Start of Data supplied

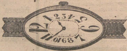
Núm. 6.—Forma ovalada, alargada, áncora de precisión, con pulsera de cuero. En oro de ley 18 quilates, pesetas 165. En plata de ley, pesetas 70.
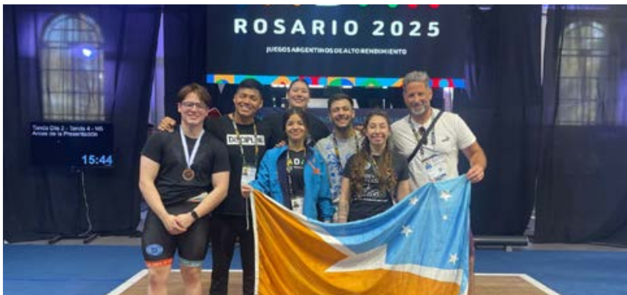
El equipo de Levantadores Olímpicos con gran participación de los JADAR.

cada una de las federaciones deportivas nacionales se encargó de coordinar con el Comité Organizador las designaciones de los deportistas en cada una de sus
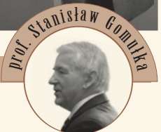
prof. STANISŁAW GOMUŁKA

Rząd zakłada utrzymanie tempa wzrostu PKB w latach 2018-2020 na stabilnym poziomie bliskim 4%, to znaczy powyżej tempa długofalowego, natomiast uczestnicy Ankiety Makroekonomicznej NBP prognozują kontynuację odbicia i w rezultacie lepszy niż MF wynik w roku bieżącym, ale wyraźne spowolnienie tempa wzrostu gospodarczego Polski w latach 2019-2020. Długofalowe prognozy instytucji międzynarodowych – MFW i EBRD, a także polskich ekonomistów, wskazują na duże prawdopodobieństwo dalszego silnego spowolnienia wzrostu w następnych 20-30 latach, do poziomu około 1,5%.
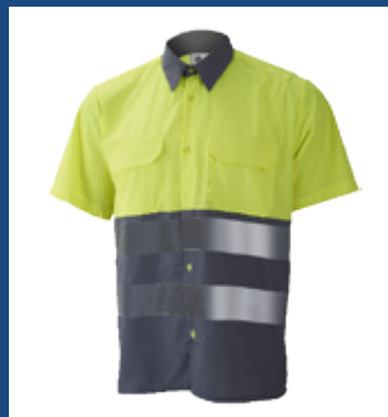
051 Gris/Amarillo AV
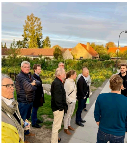
Fotos: Medlemmer af opgaveudvalget Det grønne Gentofte på indledende ekskursion.
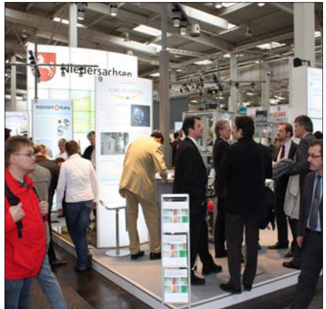
Gemeinschaftsstand HANNOVER MESSE 2010
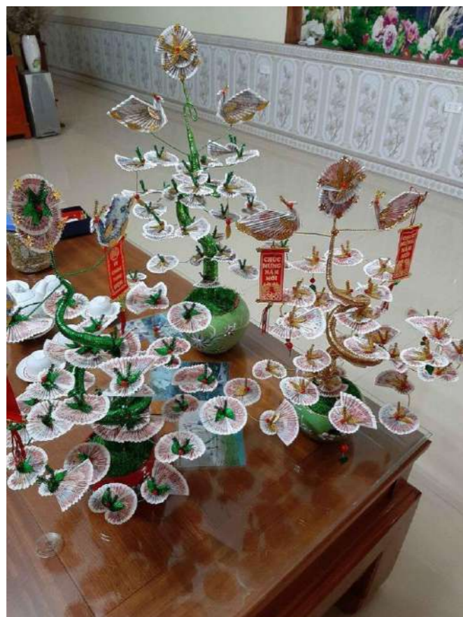
Cây tiền tài lộc trang trí Tết 2021.

Trong những năm gần đây trang trí Tết bằng cây tiền tài lộc được tự làm bằng tay được nhiều gia đình ưa chuộng. Bằng những tờ tiền có mệnh giá như 5 nghìn, 500 đồng từ sự khéo léo của bàn tay, các bạn có thể tạo ra một cây tiền lộc rất hay và độc đáo.
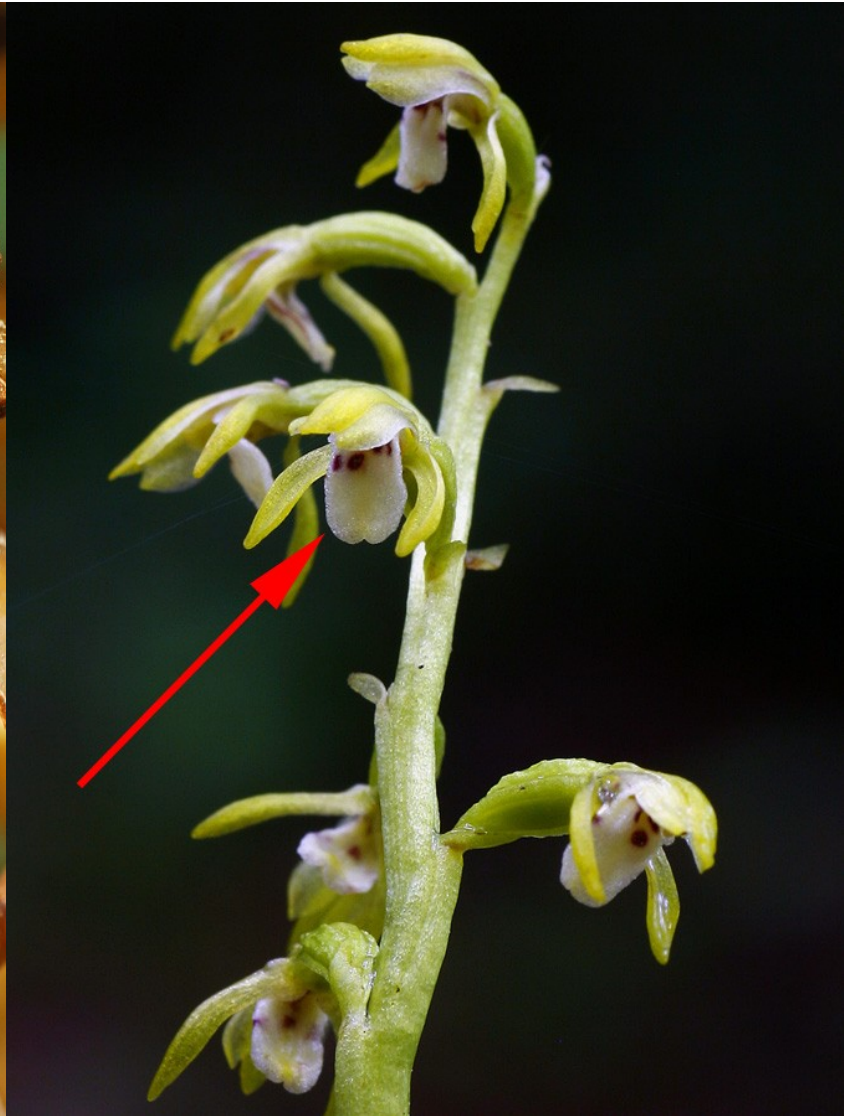
Foto 6: Corallorhiza trifida . Se aprecia el labelo de las flores, más o menos plano.

(2b) Flores con el labelo no plano y orientado hacia arriba..... Epipogium J.G. Gmel. Ex Borkh (Una sola especie ibérica: Epipogium aphyllum Sw.)
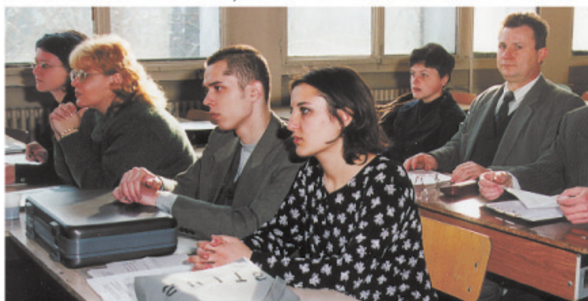
Sesiunea științifică a studenților Facultății de Sociologie-Psihologie
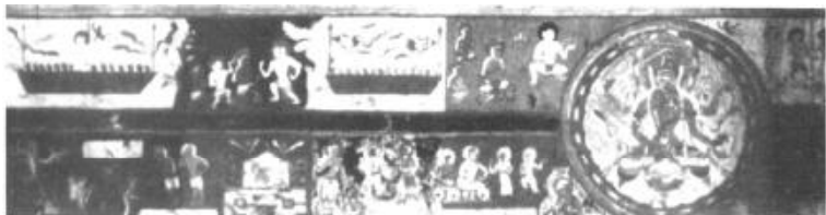
图4 拉达克阿尔奇寺壁画所见二船图*

似乎有类似二船图的图案（图4），故而克林凯特推定这些可能和摩尼教有关。 ① 马小鹤、张忠达也认为佛教虽亦用船来象征渡过苦海，但用两条船来形容，实所罕见。这条船上所绘船夫带着一班乘客，当是受到摩尼教的启发。 ②
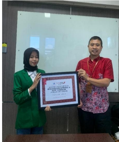
Gambar 2 : Wawancara dengan Account Officer BPD Jatim Syariah Kantor Cabang Kediri
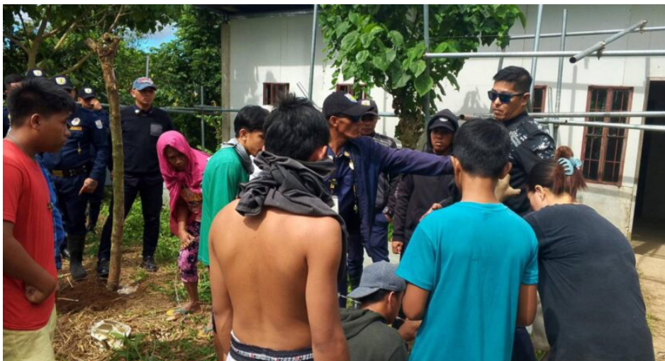
Pagkumpronta ng mga magsasaka sa security guards sa Tartaria

Naiulat pa ang terrorist-tagging sa mga organisasyon at lider magsasaka sa rehiyon. Nagkalat sa social media at sa iba’t ibang sakahan ang mga poster na nagpipinta sa mga organisador bilang terorista. ☒
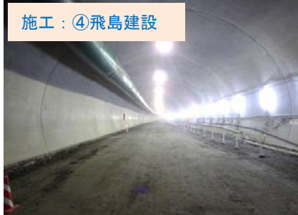
施工：④飛鳥建設 山口第2トンネル終点側の状況です。現在、起点側516m 終点側1,234m の進捗です。
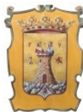
Ayuntamiento de Montefrío
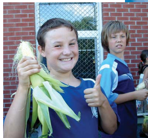
Grande épluchette de blé d'Inde et kermesse lors de la rentrée scolaire en lien avec le développement du sentiment d'appartenance et afin de créer de nouveaux liens élèves-élèves, élèves-enseignants.
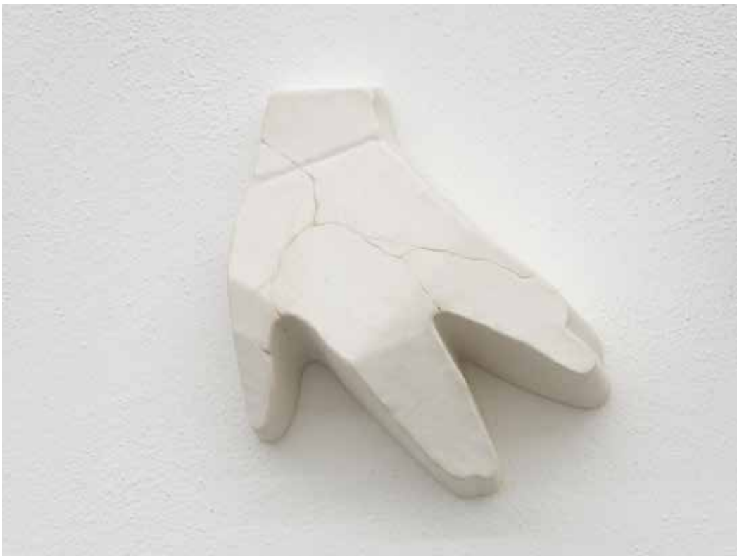
Stiff, 2018 Gesso e resina 19 x 17 x 7 cm. || 7,48 x 6,69 x 2,76 inches Edizione 1/3
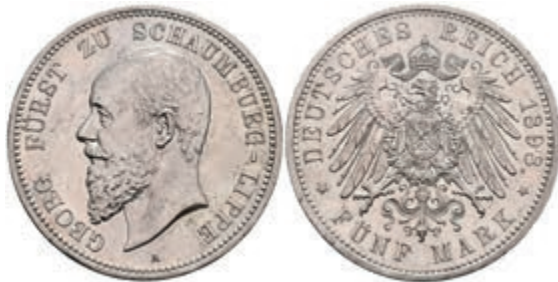
209 5 Mark, 1898, Georg, kl. Rf., vz. J. 165 1200,—
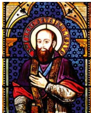
Saint François de Sales, évêque de Genève.
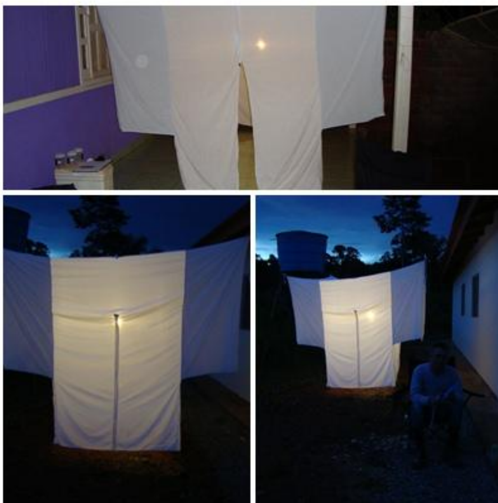
Figura 2. Armadilha Shannon , com atração luminosa, utilizada para a captura de triatomíneos nas áreas de influência da UHE Santo Antônio, Porto Velho – RO.

Foram realizadas buscas ativas diurnas no peridomícilios e intradomicílio das residências e/ou alojamentos da área de influência do empreendimento. Adicionalmente, no período noturno, das 18 h até as 22 h, foram instaladas armadilhas luminosas tipo Shannon (Shannon, 1939) com atração de luz (lâmpião a gás) para a interceptação de vôo (Figura 2).
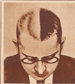
In dem hier beschriebenen Experiment wurde das Haar kurz geschritten und in der Mitte ein Streifen ausrasiert. Während fünf Wochen wurde Silvikrin nur auf der linken Seite verwendet. Das Bild zeigt das Resultat: Zunahme des Haarwuchses um 35 Prozent.

Und nun das Resultat: Nach einer Behandlung von fünf Wochen waren die Haare auf der behandelten Kopfhälfte um durchschnittlich 35% stärker gewachsen als auf der nicht behandelten Seite. Der Arzt war überzeugt. Der Versuch war glänzend gelungen. Das Präparat war Silvikrin.

End of Data supplied

=== Problem to solve ===
Once the pictures are set aside, write out the entries verbatim.

=== Output for this exercise ===
Núm. 6.—Forma ovalada, alargada, áncora de precisión, con pulsera de cuero. En oro de ley 18 quilates, pesetas 165. En plata de ley, pesetas 70.
El equipo de Levantadores Olímpicos con gran participación de los JADAR.

cada una de las federaciones deportivas nacionales se encargó de coordinar con el Comité Organizador las designaciones de los deportistas en cada una de sus
prof. STANISŁAW GOMUŁKA

Rząd zakłada utrzymanie tempa wzrostu PKB w latach 2018-2020 na stabilnym poziomie bliskim 4%, to znaczy powyżej tempa długofalowego, natomiast uczestnicy Ankiety Makroekonomicznej NBP prognozują kontynuację odbicia i w rezultacie lepszy niż MF wynik w roku bieżącym, ale wyraźne spowolnienie tempa wzrostu gospodarczego Polski w latach 2019-2020. Długofalowe prognozy instytucji międzynarodowych – MFW i EBRD, a także polskich ekonomistów, wskazują na duże prawdopodobieństwo dalszego silnego spowolnienia wzrostu w następnych 20-30 latach, do poziomu około 1,5%.
051 Gris/Amarillo AV
Fotos: Medlemmer af opgaveudvalget Det grønne Gentofte på indledende ekskursion.
Gemeinschaftsstand HANNOVER MESSE 2010
Cây tiền tài lộc trang trí Tết 2021.

Trong những năm gần đây trang trí Tết bằng cây tiền tài lộc được tự làm bằng tay được nhiều gia đình ưa chuộng. Bằng những tờ tiền có mệnh giá như 5 nghìn, 500 đồng từ sự khéo léo của bàn tay, các bạn có thể tạo ra một cây tiền lộc rất hay và độc đáo.
Foto 6: Corallorhiza trifida . Se aprecia el labelo de las flores, más o menos plano.

(2b) Flores con el labelo no plano y orientado hacia arriba..... Epipogium J.G. Gmel. Ex Borkh (Una sola especie ibérica: Epipogium aphyllum Sw.)
Sesiunea științifică a studenților Facultății de Sociologie-Psihologie
图4 拉达克阿尔奇寺壁画所见二船图*

似乎有类似二船图的图案（图4），故而克林凯特推定这些可能和摩尼教有关。 ① 马小鹤、张忠达也认为佛教虽亦用船来象征渡过苦海，但用两条船来形容，实所罕见。这条船上所绘船夫带着一班乘客，当是受到摩尼教的启发。 ②
Gambar 2 : Wawancara dengan Account Officer BPD Jatim Syariah Kantor Cabang Kediri
Pagkumpronta ng mga magsasaka sa security guards sa Tartaria

Naiulat pa ang terrorist-tagging sa mga organisasyon at lider magsasaka sa rehiyon. Nagkalat sa social media at sa iba’t ibang sakahan ang mga poster na nagpipinta sa mga organisador bilang terorista. ☒
施工：④飛鳥建設 山口第2トンネル終点側の状況です。現在、起点側516m 終点側1,234m の進捗です。
Ayuntamiento de Montefrío
Grande épluchette de blé d'Inde et kermesse lors de la rentrée scolaire en lien avec le développement du sentiment d'appartenance et afin de créer de nouveaux liens élèves-élèves, élèves-enseignants.
Stiff, 2018 Gesso e resina 19 x 17 x 7 cm. || 7,48 x 6,69 x 2,76 inches Edizione 1/3
209 5 Mark, 1898, Georg, kl. Rf., vz. J. 165 1200,—
Saint François de Sales, évêque de Genève.
Figura 2. Armadilha Shannon , com atração luminosa, utilizada para a captura de triatomíneos nas áreas de influência da UHE Santo Antônio, Porto Velho – RO.

Foram realizadas buscas ativas diurnas no peridomícilios e intradomicílio das residências e/ou alojamentos da área de influência do empreendimento. Adicionalmente, no período noturno, das 18 h até as 22 h, foram instaladas armadilhas luminosas tipo Shannon (Shannon, 1939) com atração de luz (lâmpião a gás) para a interceptação de vôo (Figura 2).
In dem hier beschriebenen Experiment wurde das Haar kurz geschritten und in der Mitte ein Streifen ausrasiert. Während fünf Wochen wurde Silvikrin nur auf der linken Seite verwendet. Das Bild zeigt das Resultat: Zunahme des Haarwuchses um 35 Prozent.

Und nun das Resultat: Nach einer Behandlung von fünf Wochen waren die Haare auf der behandelten Kopfhälfte um durchschnittlich 35% stärker gewachsen als auf der nicht behandelten Seite. Der Arzt war überzeugt. Der Versuch war glänzend gelungen. Das Präparat war Silvikrin.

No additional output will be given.